Hong Kong and mainland stocks took a roller coaster ride in the first quarter.
The gyrations came despite some certainty about US interest rates after Federal Reserve chairman Janet Yellen downplayed an imminent increase.
The dovish remarks reined in a surging US dollar and stabilized oil prices.
That said, the Hang Seng Index is likely to remain range-bound in the short term.
Foreign fund managers are skeptical about the market on both sides of the border given rising geopolitical risks in the region.
That has led two major US credit rating agencies to cut the credit outlook for Hong Kong and the mainland.
Hong Kong stocks typically trade sideways 60-70 percent of the time in a year, waiting for a catalyst.
In this case, the Hang Seng Index is likely to hover around 19,800 to 20,800 points.
Meanwhile, the Shanghai Composite Index may trade around 3,000.
The market lacks a clear driver in the absence of solid economic growth in the US, Europe and Japan.
Also, oil producers have yet to reach agreement on output quotas, adding uncertainty to the market.
In addition, many central banks are in trial-and-error mode.
The annual earnings season for listed companies has come and gone.
Most companies reported slumping profit and sharp losses due to a slowing Chinese economy and a weaker yuan.
It’s estimated that only 10 percent of companies made a profit last year. Less than 3 percent reported profit growth.

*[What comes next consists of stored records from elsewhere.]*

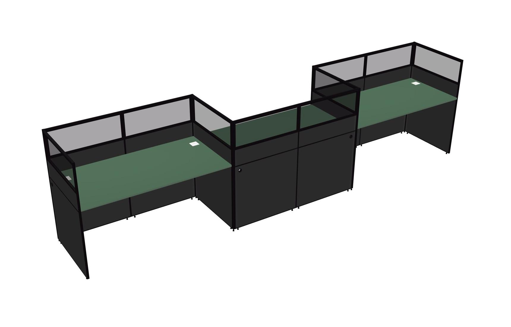 Green Rectangular Cubicle Workstations For 3 - Zigzag Formation
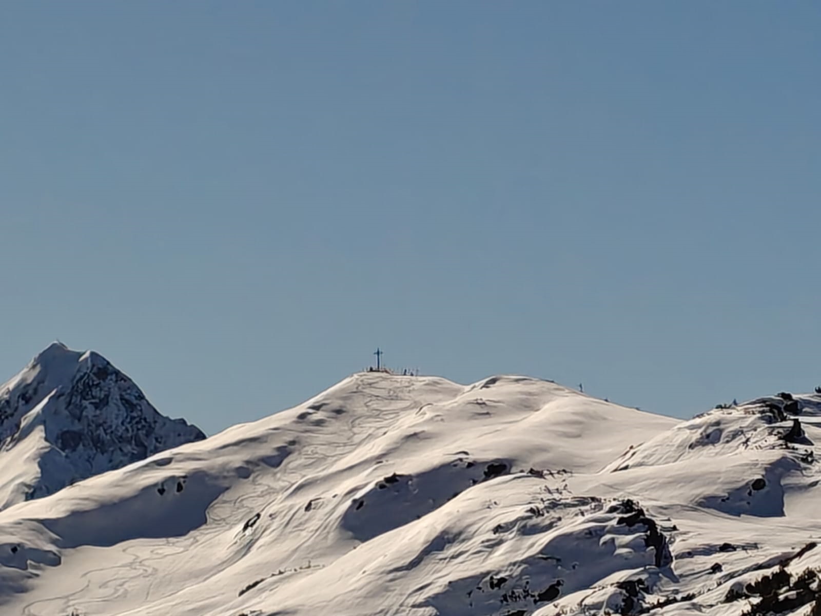 Der Weg zum Muttjöchle führt durch eine beeindruckende Winterkulisse. Schon nach den ersten Schritten blieb der Alltagsstress spürbar im Tal zurück. Durch das gleichmäßige Gehen durch die verschneite Landschaft, die Ruhe der winterlichen Bergwelt und die weiten Ausblicke konnten wir unsere Seelen so richtig baumeln lassen und Kraft tanken.
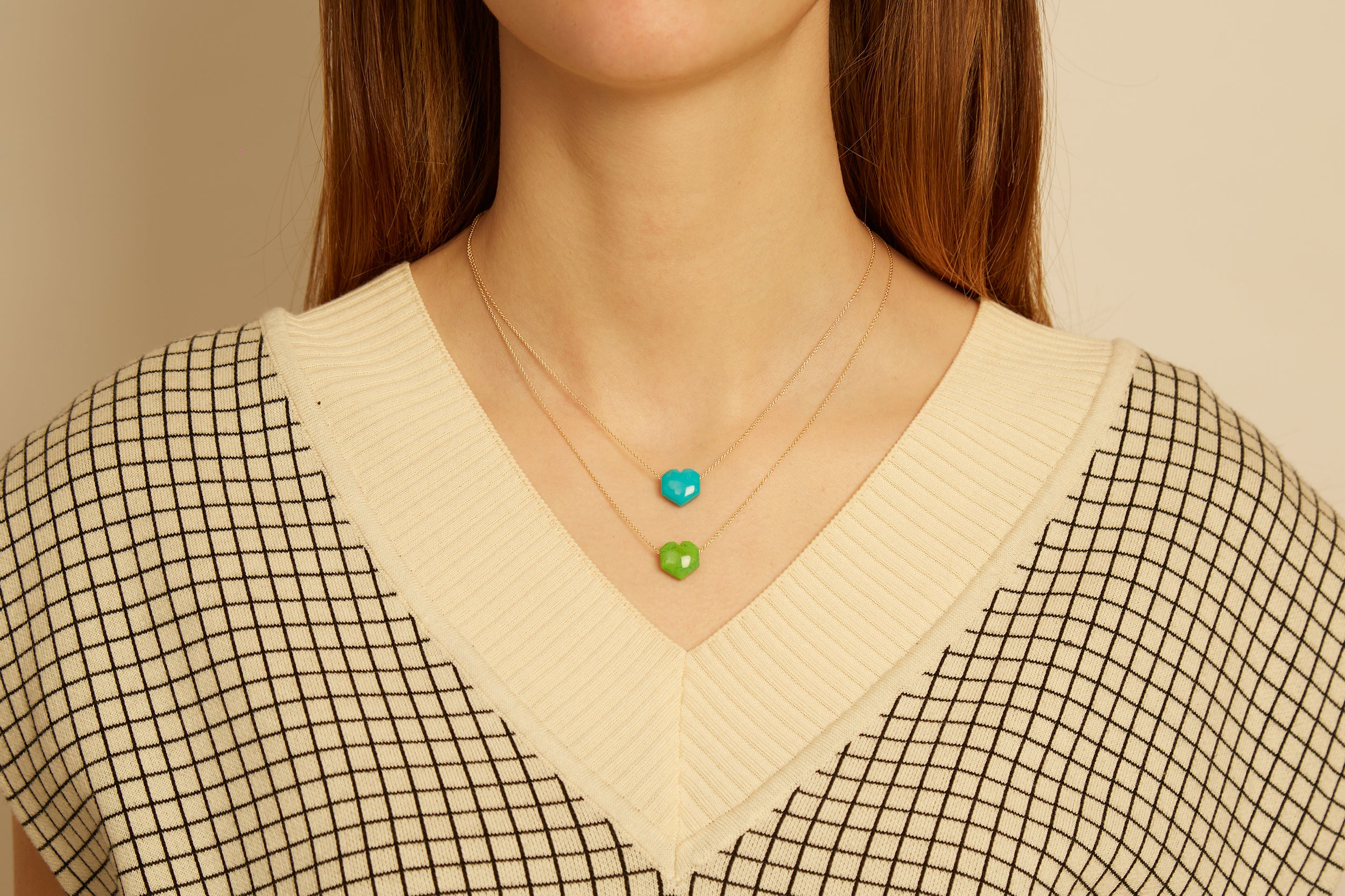 A fun and quirky idea of what love is for Aliita! The Corazón necklace with a green turquoise heart is perfect to get for someone special in your life!
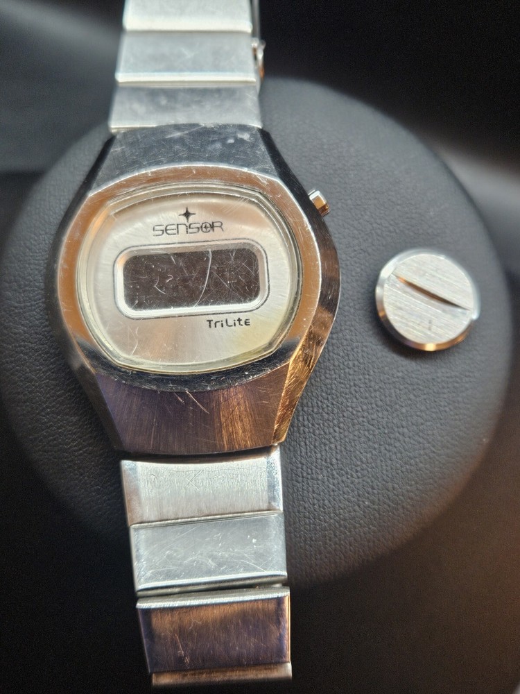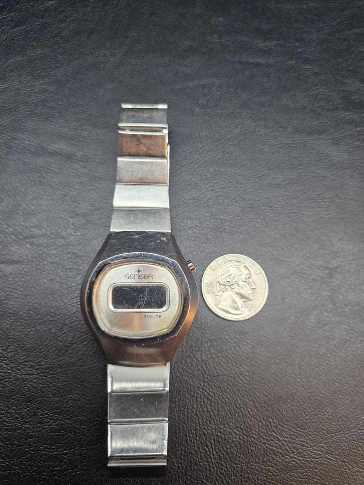SEE PICTURES BEFORE YOU BUY!! Selling a Vintage Sensor Digital Mens Silver Tone Wrist Watch For Parts Or Repair! As Is!! This watch was currently clean, and that's as good as it is going to get, currently not working or tested. It had a battery that was corroded, and it was ckean inside where the battery was, ... I don't think it will work, I don't know, im selling this watch for spare parts , *****sold as is!!!!!!, WHAT YOU SEE IS WHAT YOU GET!!! PLEASE SEE PICTURES FOR CONDITION AND SIZE, FREE FAST SHIPPING!!!!!!!

China’s top three airlines — China Southern Airlines (01055.HK), China Eastern Airlines (00670.HK) and Air China (00753.HK) — were the biggest beneficiaries of slumping oil prices.
Airline stocks may rise further if oil prices continue to fall but that would be bad news for global economic growth.

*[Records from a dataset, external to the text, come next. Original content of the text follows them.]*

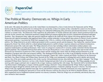 The Political Rivalry: Democrats vs. Whigs in Early American Politics. (2024, Jul 06). Retrieved from https://hub.papersowl.com/examples/the-political-rivalry-democrats-vs-whigs-in-early-american-politics/
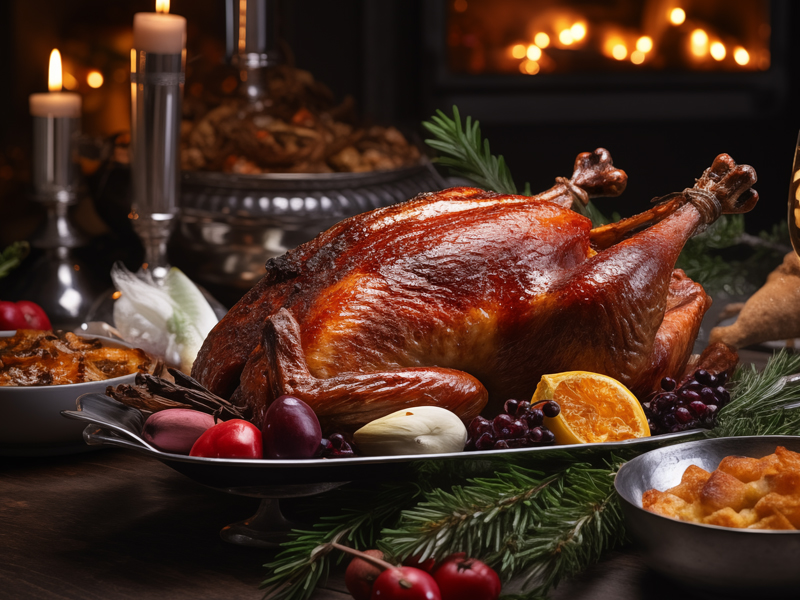 - Geschmorte Gänsekeule mit Rotkraut und Klößen
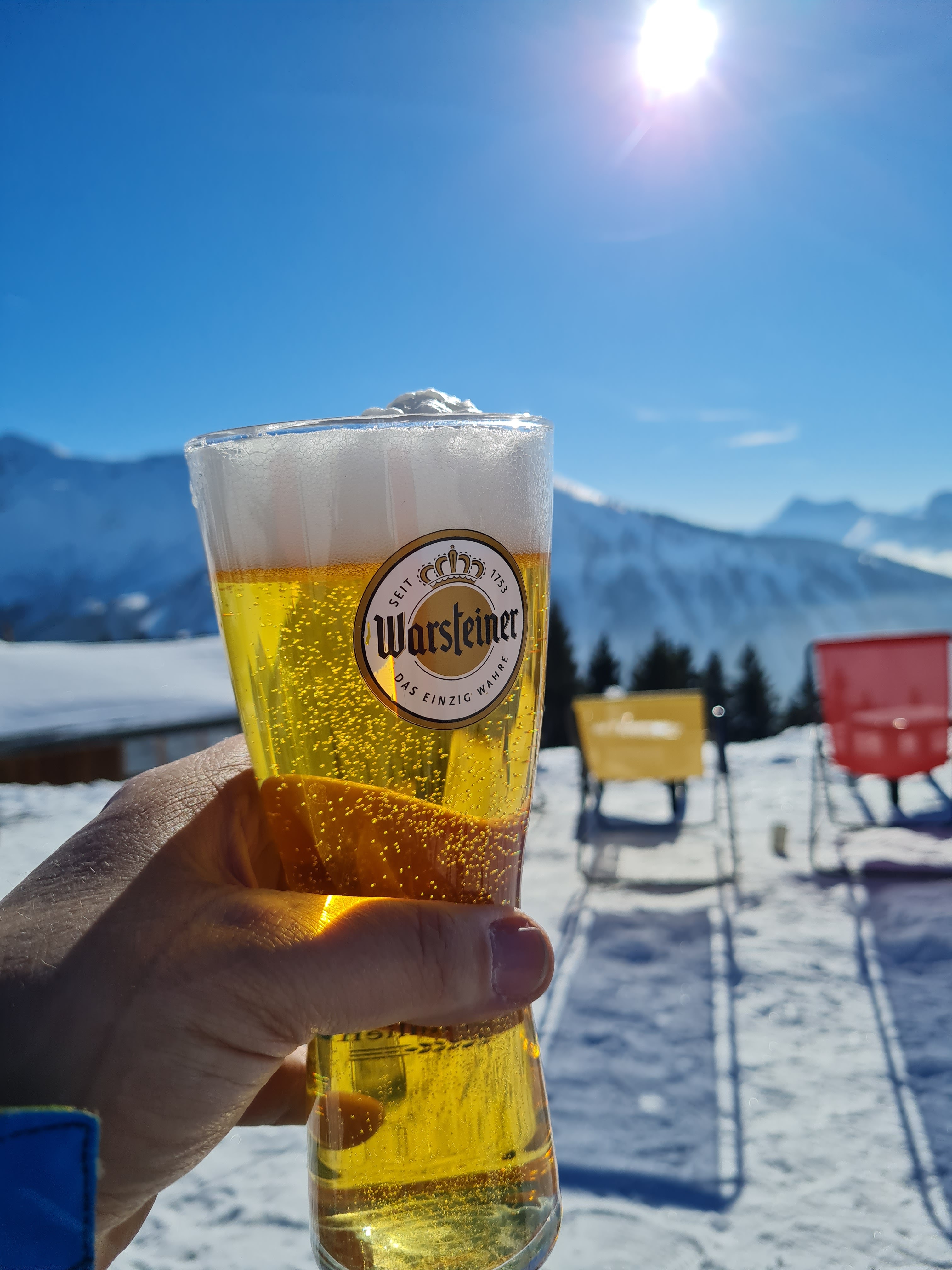 Déjeuner avec vue. Soupe à l'oignon française, pizza et deux coca. Nous sommes repartis heureux, rassasiés et reposés, prêts à profiter encore du ski. Personnel sympathique et cette vue 😍

Tencent Holdings (00700.HK) and a number of banking and insurance stocks posted modest profit growth.
By contrast, certain infrastructure and high-speed railway counters maintained earnings growth due to policy support.
Internet and telecommunication stocks showed surprising strength.
Some industrial plays rose on the back of industry consolidation and policy incentives.
However, the trend is unlikely to reverse the impact of mounting debt.
Investors should buy cyclical stocks only at low prices because these are unlikely to drive the market.
Hong Kong property developers are bracing for the release of 25,000 new flats this year and are painfully aware that the market correction is far from over.
The property market has mostly posted rallies in April. Short-term investors should use the technical trend as a reference.
On Monday, the Hang Seng Index topped the 100-day moving average but retreated again.
The market is likely to trade in the range of 19,800 to 20,800 in the short term.
If the benchmark manages to hit 21,300 points, it could be a sign the market has broken free.
This article appeared in the Hong Kong Economic Journal on April 5.